Also note that later i updated the docu, so the number of turns for each core changed. If you used the very first one i wrote, it will be slightly off.

Used the docu from post #68.

That does not sound right at all. Without load (i.e. no FET connected) it should not get hot, not even really warm, no matter if there is thermal paste or not. That, in combination with the awkwardly low output level you get from the driver, tells me that there is something wrong. Either with the supply voltages or with the solderwork on the circuit itself. Maybe soldered in a wrong (too low) value for R10, the pulldown connected to the FET's gate? Is the supply voltage to the driver a clean 12V DC?

Tonight I'll put together a new board and see how it behaves. Maybe there is some residue left from soldering - any kind of mess can behave badly in RF world. When I say'd no load I meant without R8 and R9 populated - R10 should have no effect at all.
The supply voltage looks OK, I've checked with scope and it is not showing any variations in voltage level. Even with BW problems, the scope should show if there is significant level change, but it's clean line.

Unless you know what you are doing, using a tip to setup the circuit is a bad idea. If it drives the output stage too hard (improperly adjusted R19), it will almost instantly kill the FET when the SWR goes up (tip is hot).

It does not heat the tip, only the FET    But it clearly does something RF, because my hot-air station switch on when RF power is enabled. At least I can use it as remote control for hot-air.
I will not do any testing until my dummy load arrives. I'm getting short on parts.
 

You should also limit the output voltage from the dc/dc converter to a lower value using R32 first during testing. That will help to protect the FET  bit in case something goes wrong.

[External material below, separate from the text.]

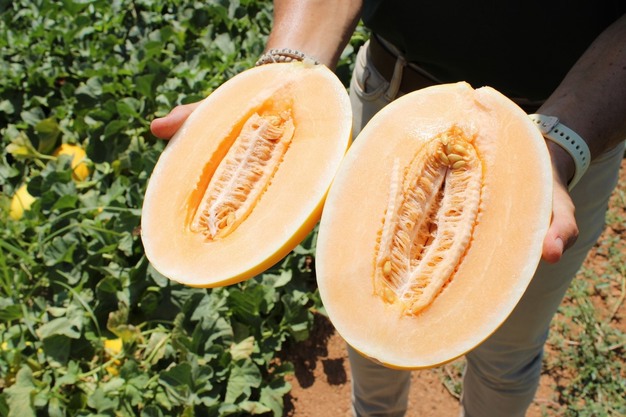 José Guirado van Seminis Bayer met een Galves Galia-meloen in de hand

What level you suggest? 12V or more?

Can you upload an image of the bottom of the PCB you have?

Tonight. I can send you the gerbers if you wish, but I will not upload them to public until the board is working.

Thanks for help,

Z

[mamalala]

Ho zoltan,

the cores i use are from here:

FT82-61:
http://www.reichelt.de/index.html?ACTION=3;ARTICLE=7937;SEARCH=FT%2082-61

T80-6:
http://www.reichelt.de/index.html?ACTION=3;ARTICLE=20024;SEARCH=T%2080-6

T50-6:
http://www.reichelt.de/index.html?ACTION=3;ARTICLE=20012;SEARCH=T%2050-6

I have no way of knowing if the kitsandparts cores are the same or not. The name would suggest that they are....

Regarding the docu, in post #82 i already made some corrections, and in later posts are even more changes. So it's a good idea to check them all. When i have some time i will upload an updated doc.

With the 2k2/18k combination for the feedback resistors onthe dc/dc converter, it should output a little less than 12 volts. You can simply remove R4 (that disconnects the OpAmp from the feedback loop) and make sure that the limit/boost pin is left open (or remove R11).

Please double check the driver chip. As said, it should not get hot at all without any load attached. It's easy to short two pins with solder, as well as not properly soldering the GND pin (due to thermal mass attached through the PCB's copper). Also double-check the orientation.

The output pins are the two outmost ones. Between them are the +12V and GND pins. Accidently shorting two pins there will very likely show the symptoms you see.

Greetings,

Chris

[mamalala]

Attached is a ZIP with the latest Eagle files for the RF stage. R23/R24 is now 22k/200R. Added some text for the toroids/windings in the schema as well.

Greetings,

Chris

[mamalala]

BTW,

i'm in the process of assembling two more units. That means that soon i have again a unit to play with.

So, if anyone wants to send me a set of torroids to try out, i can then test them against the "original" ones, one by one, and check what the difference is so as to add some extra hints how to wind/use the alternative ones.

Anyone interrested just send me a PM here in the forum, and i will give you my contact details.

Might be useful to know what is going on with them.

Greetings,

Chris

[zoltan]

Hi Chris,

Attached is the bottom side of the board, as you asked.

I will send you sample cores. Just give me your mailing address in pm.

[mamalala]

Hi Chris,

Attached is the bottom side of the board, as you asked.

I will send you sample cores. Just give me your mailing address in pm.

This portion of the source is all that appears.